Specifically, the thesis focuses on two concrete areas. The first one is to design distributed rules to manage distributed energy resources in the power network. The power network is undergoing a fundamental transformation. The future smart grid, especially on the distribution system, will be a large-scale network of distributed energy resources (DERs), each introducing random and rapid fluctuations in power supply, demand, voltage and frequency. These DERs provide a tremendous opportunity for sustainability, efficiency, and power reliability. However, there are daunting technical challenges in managing these DERs and optimizing their operation. The focus of this dissertation is to develop scalable, distributed, and real-time control and optimization to achieve system-wide efficiency, reliability, and robustness for the future power grid. In particular, we will present how to explore the power network structure to design efficient and distributed market and algorithms for the energy management. We will also show how to connect the algorithms with physical dynamics and existing control mechanisms for real-time control in power networks.

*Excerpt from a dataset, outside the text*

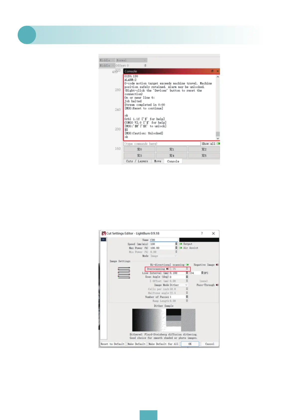“overscan” button is turned on, the X axis will perform a -2.5mm movement. Thus the alarm will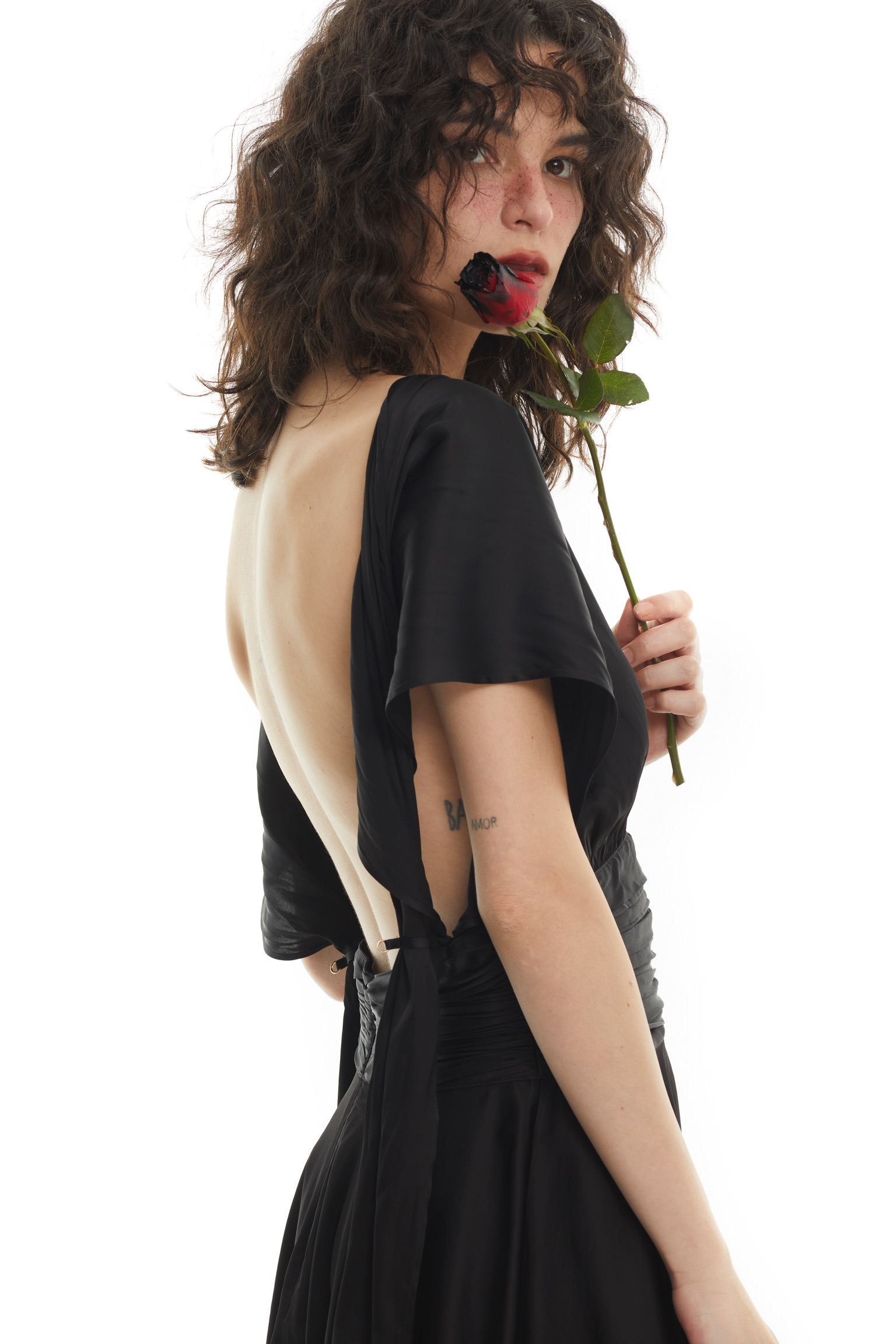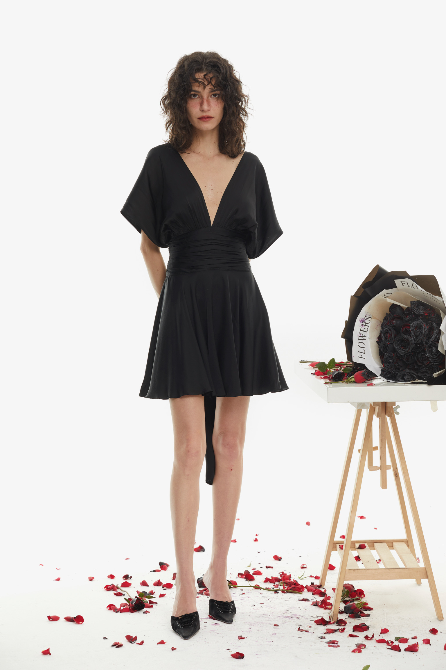 This convertible black mini dress is conceived as a canvas of fluid femininity, designed to blur the line between garment and self-expression. Crafted

The second focus is to develop distributed optimization rules for general multi-agent engineering systems. A central goal in multiagent systems is to design local control laws for the individual agents to ensure that the emergent global behavior is desirable with respect to the given system level objective. Ideally, a system designer seeks to satisfy this goal while conditioning each agent’s control on the least amount of information possible. Our work focused on achieving this goal using the framework of game theory. In particular, we derived a systematic methodology for designing local agent objective functions that guarantees (i) an equivalence between the resulting game-theoretic equilibria and the system level design objective and (ii) that the resulting game possesses an inherent structure that can be exploited for distributed learning, e.g., potential games. The control design can then be completed by applying any distributed learning algorithm that guarantees convergence to the game-theoretic equilibrium. One main advantage of this game theoretic approach is that it provides a hierarchical decomposition between the decomposition of the systemic objective (game design) and the specific local decision rules (distributed learning algorithms). This decomposition provides the system designer with tremendous flexibility to meet the design objectives and constraints inherent in a broad class of multiagent systems. Furthermore, in many settings the resulting controllers will be inherently robust to a host of uncertainties including asynchronous clock rates, delays in information, and component failures.